Tough decisions for non-awardees
Haulers that operate in the city’s current open market system have months, or longer, to continue doing business as usual in the 19 zones that don’t have implementation dates yet. But others are making moves in the meantime.
IWS, which operates locally as Action Environmental, confirmed it has quietly rolled up multiple local assets over the summer, in addition to other larger deals announced in New York and Connecticut. This comes after the company was awarded 14 zones and one citywide contract, the most of any hauler.
Companies that didn’t win zone contracts are faced with a decision about what do with their business, especially if they don’t have a C&D business (not covered by the zone system) or operate outside the five boroughs.
In July, Action bought routes from Bestway Carting in Brooklyn and Manhattan (but not Queens, where Action was not awarded contracts). These types of smaller transactions for certain books of business are standard practice in the local industry already, but activity has picked up lately as companies seek to densify their footprints before zones roll out.
Since then, Action acquired Brooklyn-based Joro Carting in August and Viking Sanitation in September. Both companies had 10 trucks or less, according to federal records.
Another potential avenue for companies that didn’t win zones is to become “designated carters,” or subcontractors, for zone awardees. Local labor and environmental advocates have been eyeing this process out of concern that companies they feel are less reputable could still end up participating in the system.
At the June council hearing, Tisch said DSNY hadn’t approved any designated carters yet but would be doing so soon for Queens Central. No list has been published or shared to date. DSNY declined to comment on where the process stood and has not yet fulfilled a pending public records request for the list.

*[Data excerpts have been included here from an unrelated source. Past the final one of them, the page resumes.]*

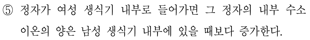 정자 내부에 수소이온이 많기 때문에 정자는 강한 산성을 띤다고 한다.
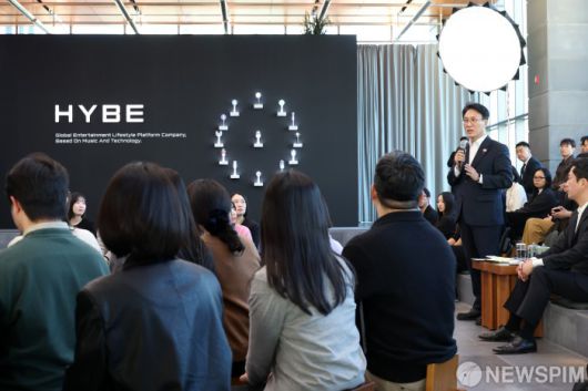 [서울=뉴스핌] 정일구 기자 = 김민석 국무총리가 21일 오후 서울 용산구 하이브 사옥에서 열린 청년 종사자 타운홀 미팅에서 인사말을 하고 있다. 2026.01.21 mironj19@newspim.com
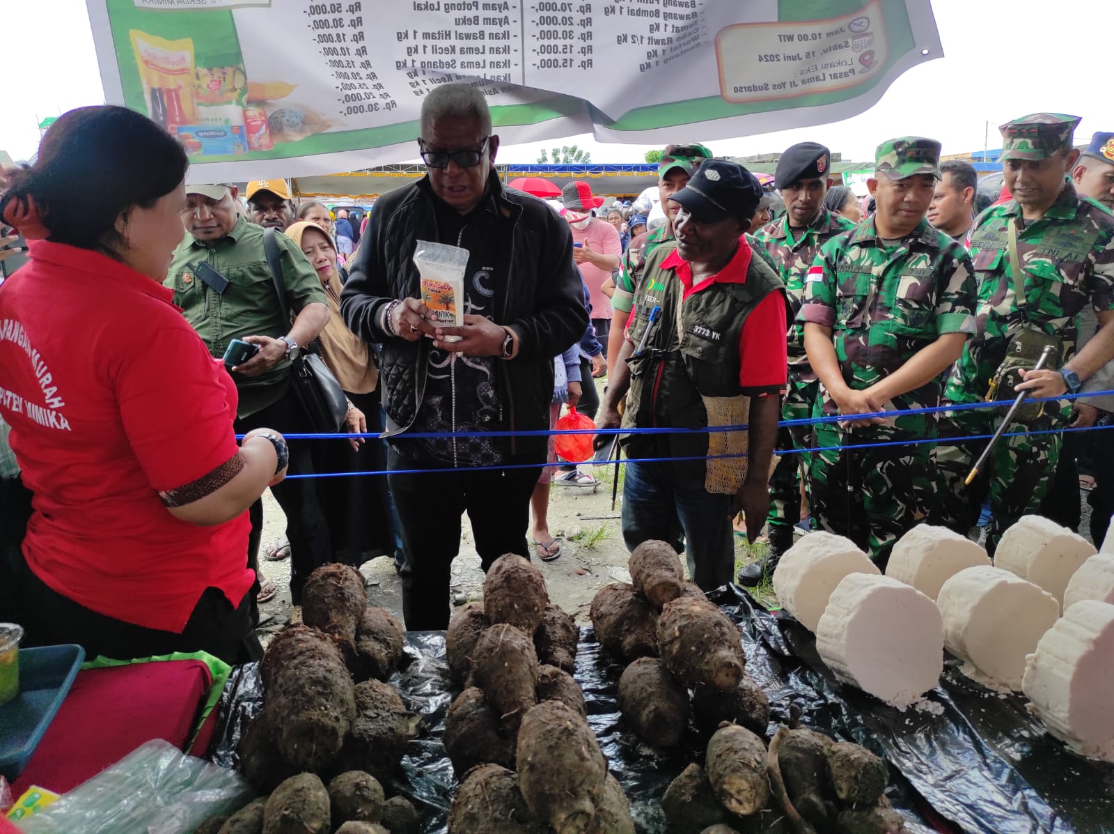TIMIKA – Pemerintah Kabupaten Mimika melalui Dinas Ketahanan Pangan (DKP), Dinas Perindustrian dan Perdagangan (Disperindag) serta Dinas Perikanan gelar operasi pasar murah di Lapangan eks pasar lama, Sabtu (15/06).
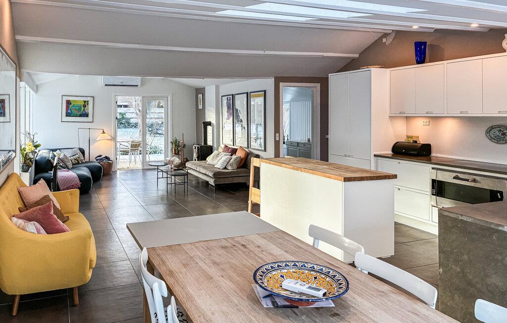 Dit huis verwelkomt je met een lichte en vriendelijke sfeer, waarin comfortabele banken, warm hout en een houtkachel zorgen voor een ontspannen sfeer. Leun hier achterover met een geurig kopje koffie, tover heerlijke maaltijden bij elkaar en eet aan de eettafel met uitzicht op het groen.
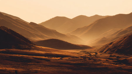 Majestic mountains bathed in warm golden light create serene landscape. rolling hills and valleys evoke sense of tranquility and natural beauty, perfect for outdoor enthusiasts
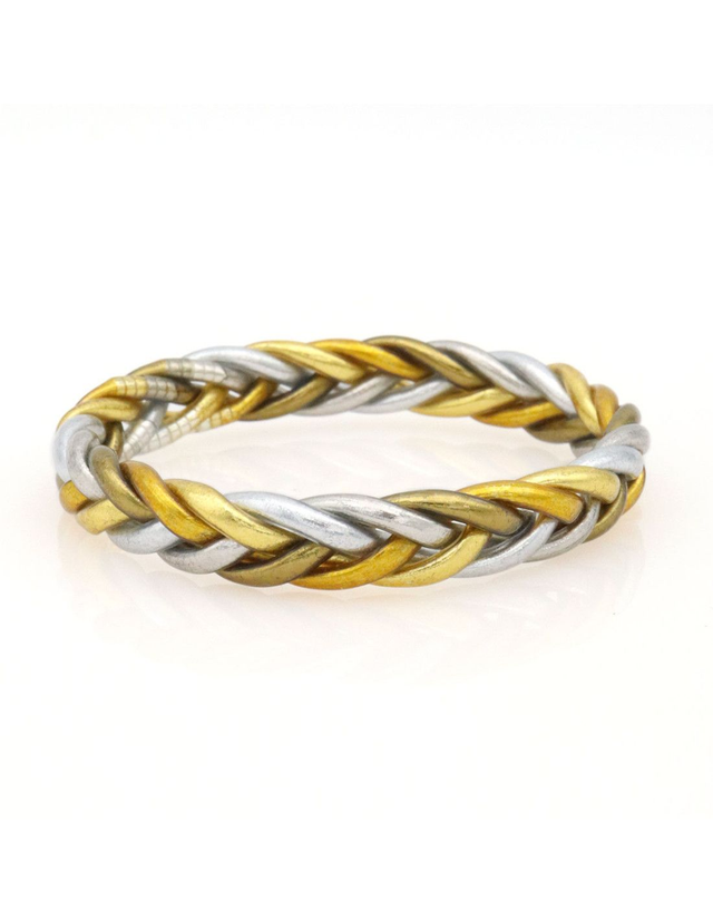 Le jonc tressé est composé de 5 joncs fins tressés entre eux : bronze, doré antique, doré clair, argenté, argenté foncé.

Sources say multiple designated carters have already been approved, with more on the way. For example, Recycle Track Systems has been approved to use Winters Bros. Waste Systems, now a WM subsidiary, as one of its designated carters.
Other companies are still looking for a way to get involved.
Brooklyn-based Kings County Carting, a smaller hauler, has been engaging with DSNY and others to learn more about why it wasn’t selected in the two zones where it bid. President Alex Veman, who is deaf, feels he wasn’t given adequate accommodations in the bidding process. He request the agency revisit its decision and has been reaching out to elected officials.
In an Aug. 5 letter, DSNY Assistant Commissioner Frank Marshall outlined the agency’s selection criteria and said the company “was not among the highest scoring proposers in any of the zones for which you submitted a proposal.” He said the agency “remains committed to working with and providing the best service possible for people with disabilities” and encouraged Veman to consider becoming a designated carter.
Veman recently said via email that he hasn’t had any luck so far becoming a designated carter, or selling the business, and had lost an estimated 40 customers in recent weeks as the zone transition begins.
Meanwhile, certain other companies that didn’t win zones are adamant that they don’t plan to sell and are waiting to see how the transition goes.
Rumors continue to swirl about others that could exit the market, and participants are eagerly waiting to see how DSNY may respond to any other hypothetical transactions involving zone awardees.